2004 Denver Annual Meeting (November 7–10, 2004)

Paper No. 3
Presentation Time: 2:00 PM


TREWORGY, Janis D.1, VAIDEN, Robert C.2, GREENBERG, Sallie E.2, PLANK, Cynthia3, WALSH, Tracie4 and SLATTERY, William5, (1)Geology, Principia College, 1 Maybeck Place, Elsah, IL 62028, (2)Illinois State Geol Survey, Champaign, IL 61820, (3)Bellefontaine Middle School, Bellefontaine, OH 43357, (4)C.F. Holliday Elementary School, Dayton, OH 45439, (5)Geological Sciences Education, Wright State Univ, Dayton, OH 45435, jdt@prin.edu

The discovery of a woolly mammoth, Mammuthus primigenius, on the campus of Principia College, located on the bluffs of the Mississippi River at Elsah, Illinois, is bringing geology into the K-12 curriculum of schools in Illinois and beyond. While excavation of the skeletal elements and laboratory preparation of bones are the core aspect of a field course on mammoths and Ice Age geology for college students, the procedures and information are being shared with K-12 teachers in ways that allow them to incorporate the content into their curriculum.

This year two workshops providing content, activities, and lesson plans on mammoths and the Ice Age were given to K-12 teachers. Content included evolution of mammoths and other proboscideans, habitat, diet, extinction, the Pleistocene Epoch in North America, and glaciers and their effect on the landscape and sea level. Basic concepts of fossils and the soil/rock record, radiocarbon dating, and taphonomy were also covered. Models of mammoth teeth and bones, hands-on activities, and worksheet activities were shared with the teachers. Each teacher made a plaster cast of a proboscidean tooth utilizing an osteology kit available to teachers from The Mammoth Site in Hot Springs, South Dakota.

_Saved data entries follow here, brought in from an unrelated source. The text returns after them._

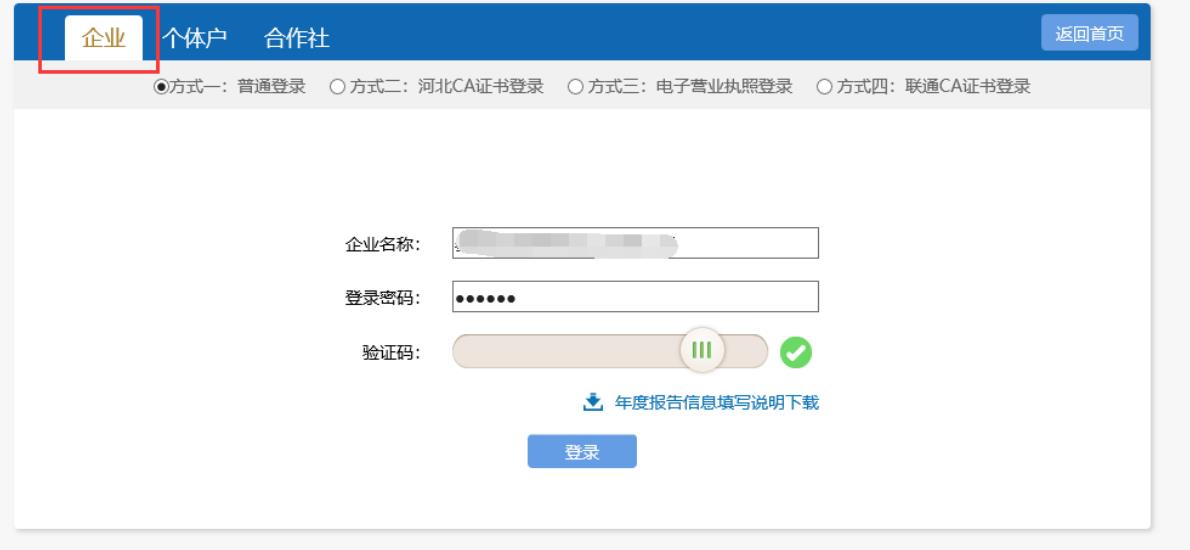選擇“企業(yè)”標(biāo)簽,填寫企業(yè)名稱及密碼,完成拖動(dòng)驗(yàn)證碼,點(diǎn)擊“登錄”按鈕,完成登錄。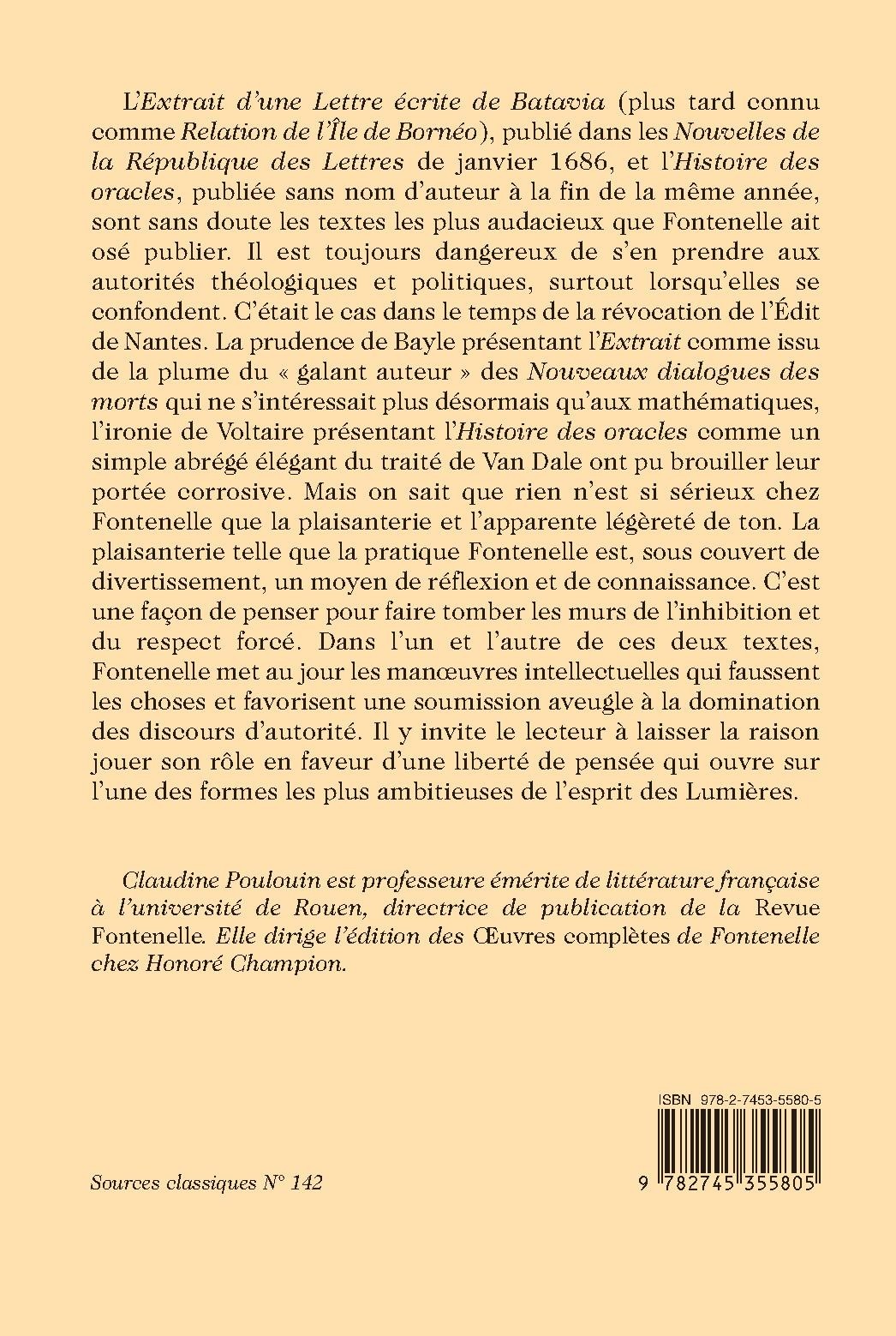 L’Extrait d’une Lettre écrite de Batavia (plus tard connu comme Relation de l’Île de Bornéo), publié dans les Nouvelles de la République des Lettres de janvier 1686, et l’Histoire des oracles, publiée sans nom d’auteur à la fin de la même année, sont sans doute les textes les plus audacieux que Fontenelle ait osé publier. Il est toujours dangereux de s’en prendre aux autorités théologiques et politiques, surtout lorsqu’elles se confondent. C’était le cas dans le temps de la révocation de l’Édit de Nantes. La prudence de Bayle présentant l’Extrait comme issu de la plume du « galant auteur » des Nouveaux dialogues des morts qui ne s’intéressait plus désormais qu’aux mathématiques, l’ironie de Voltaire présentant l’Histoire des oracles comme un simple abrégé élégant du traité de Van Dale ont pu brouiller leur portée corrosive. Mais on sait que rien n’est si sérieux chez Fontenelle que la plaisanterie et l’apparente légèreté de ton. La plaisanterie telle que la pratique Fontenelle est, sous couvert de divertissement, un moyen de réflexion et de connaissance. C’est une façon de penser pour faire tomber les murs de l’inhibition et du respect forcé. Dans l’un et l’autre de ces deux textes, Fontenelle met au jour les manœuvres intellectuelles qui faussent les choses et favorisent une soumission aveugle à la domination des discours d’autorité. Il y invite le lecteur à laisser la raison jouer son rôle en faveur d’une liberté de pensée qui ouvre sur l’une des formes les plus ambitieuses de l’esprit des Lumières.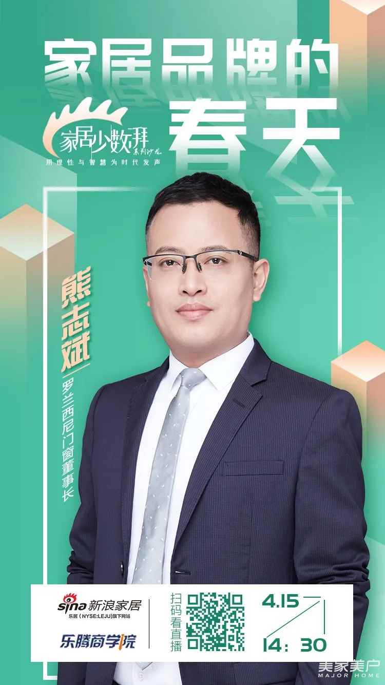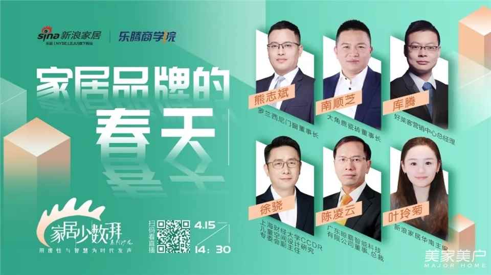 4月15日14:30新浪家居特别策划主题为“家居品牌的春天”的线上沙龙,邀请行业内5位重量级大咖,共同聚焦后疫情时代家居产业的挑战与机遇。面对新需求、新挑战,家居品牌如何脱颖而出?企业如何以最好的姿态迎接行业春天?
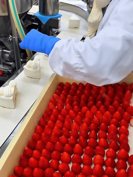 아 딸기 한줄인줄 알고 단면은 왜 두개지했는데 옆에서 또 한줄 더 쌓는구나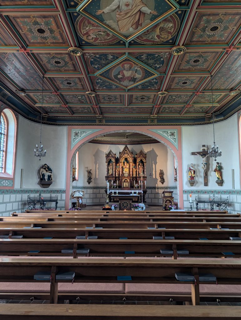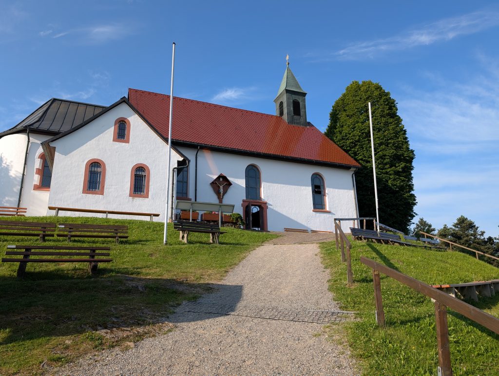 Bereits nach kurzer Zeit komme ich zur Wallfahrtskapelle auf dem Hörnleberg, welche das ersten Highlight des Tages für mich ist. Die Kapelle sieht nicht nur von innen schön aus, sondern kann auch von außen überzeugen. Besonders der weit schweifende Blick auf die Umgebung ist ein echter Genuss. Da nachher ein Gottesdienst stattfindet, sind einige Leute aus den Tälern aufgestiegen und es kommen immer mehr dazu. Anscheinend falle ich mit meinem Rucksack aber trotzdem schnell auf, denn ich werde direkt vom Pfarrer und anderen Leuten angesprochen, die sehr an meiner Tour interessiert sind. Nach längeren Gesprächen und einer Tasse Kaffe bei schöner Aussicht später, mache ich mich langsam wieder auf den Weg nach Simonswald.

The co-authors from Ohio are working with the Cornell University Mastodon Matrix Project, in which K-12 students participate in authentic research through sieving matrix from a mastodon excavation in New York. In conjunction with the project, these teachers have developed lesson plans for teaching students about mammoths, other Ice Age animals, and Ice Age geology. They shared their lesson plans at the workshops, including letting teachers sieve matrix from both the New York and Illinois proboscidean sites.

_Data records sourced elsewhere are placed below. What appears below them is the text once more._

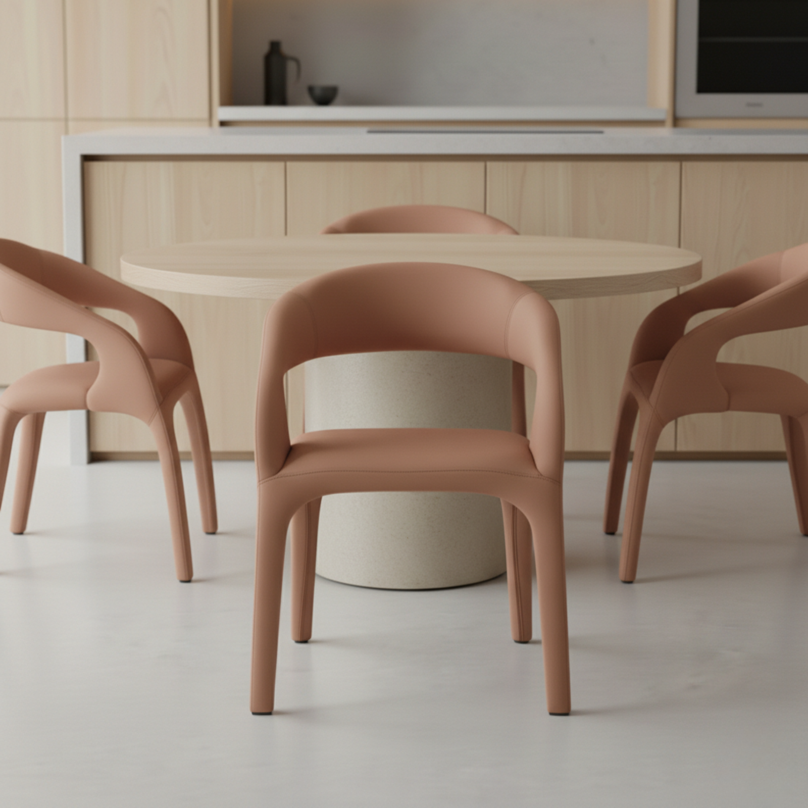 כיסא אוכל בעיצוב מודרני עם נגיעה קלאסית, המתאים לשימוש יומיומי סביב שולחן האוכל או בחללי אירוח שונים. הכיסא עשוי שלדת ברזל מצופה בד דמוי עור איכותי ונעים למגע, עם מושב נוח לישיבה יציבה ותומכת. משתלב בקלות בפינות אוכל ביתיות, מטבחים וחללים מעוצבים, ומציע מראה מסודר ונקי לאורך זמן.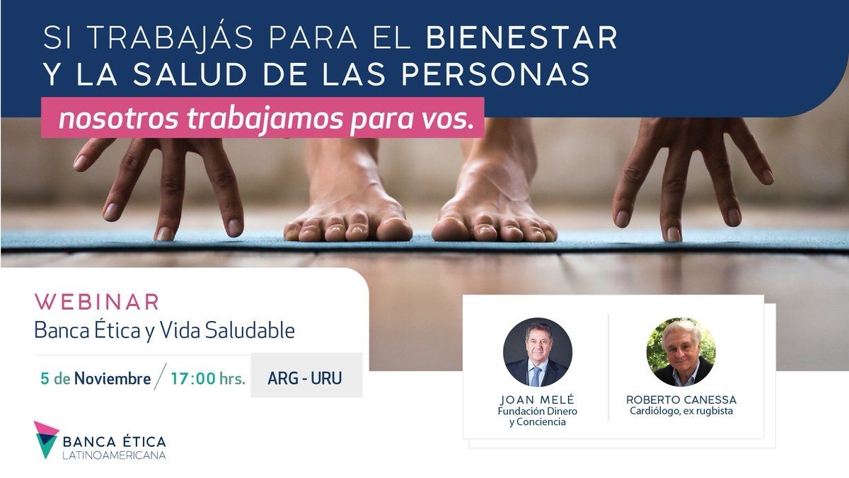 El próximo jueves 5 de noviembre a las 17 hrs (ARG/URU) Banca Ética realizará el seminario virtual “Banca Ética y Vida Saludable”. En esta oportunidad, Joan Melé, presidente de la Fundación Dinero y Conciencia, y Roberto Canessa, cardiólogo, ex jugador de rugby y sobreviviente de la tragedia de Los Andes, conversarán sobre la importancia de desarrollar una vida saludable como parte del bienestar integral de la población.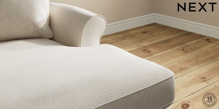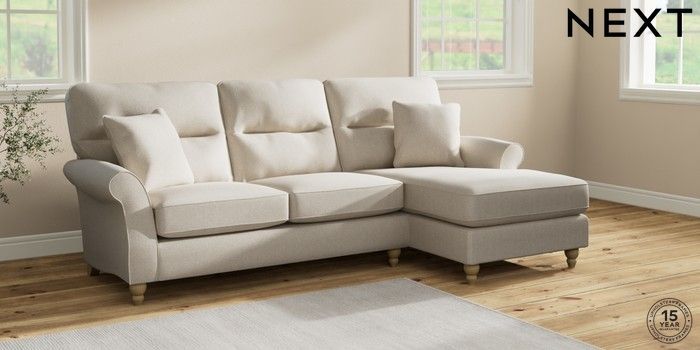 7.2.10 Ashford Highback Medium Sofa Chaise - Right Hand Tweedy Chenille Oyster Low Turned - Light | Made Click here to use our website with more accessibility support, for example screen readers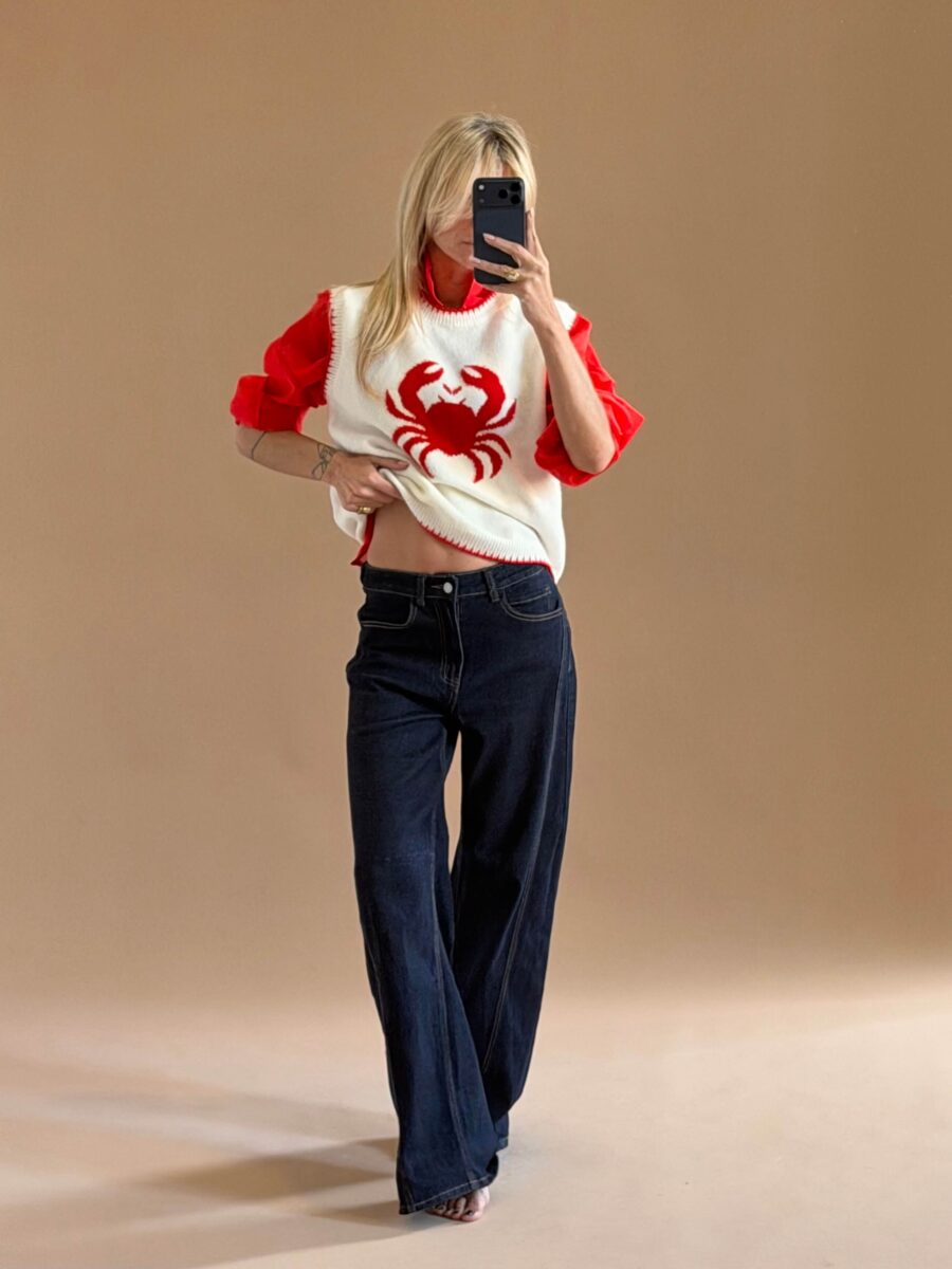 The silhouette widens through the leg and gently tapers at the hem, creating a modern and statement shape.

Several teachers who attended these workshops are already using the workshop content and resources with their classes and have brought their students to see the Principia mammoth excavation and lab. Young campers from a nearby nature camp have visited our site this summer and learned about mammoths and what their teeth tell us as they have made plaster casts of teeth. One teacher from a rural county has received a grant to put together a county-wide unit on mammoths. Funds will support a field trip to visit the Principia site.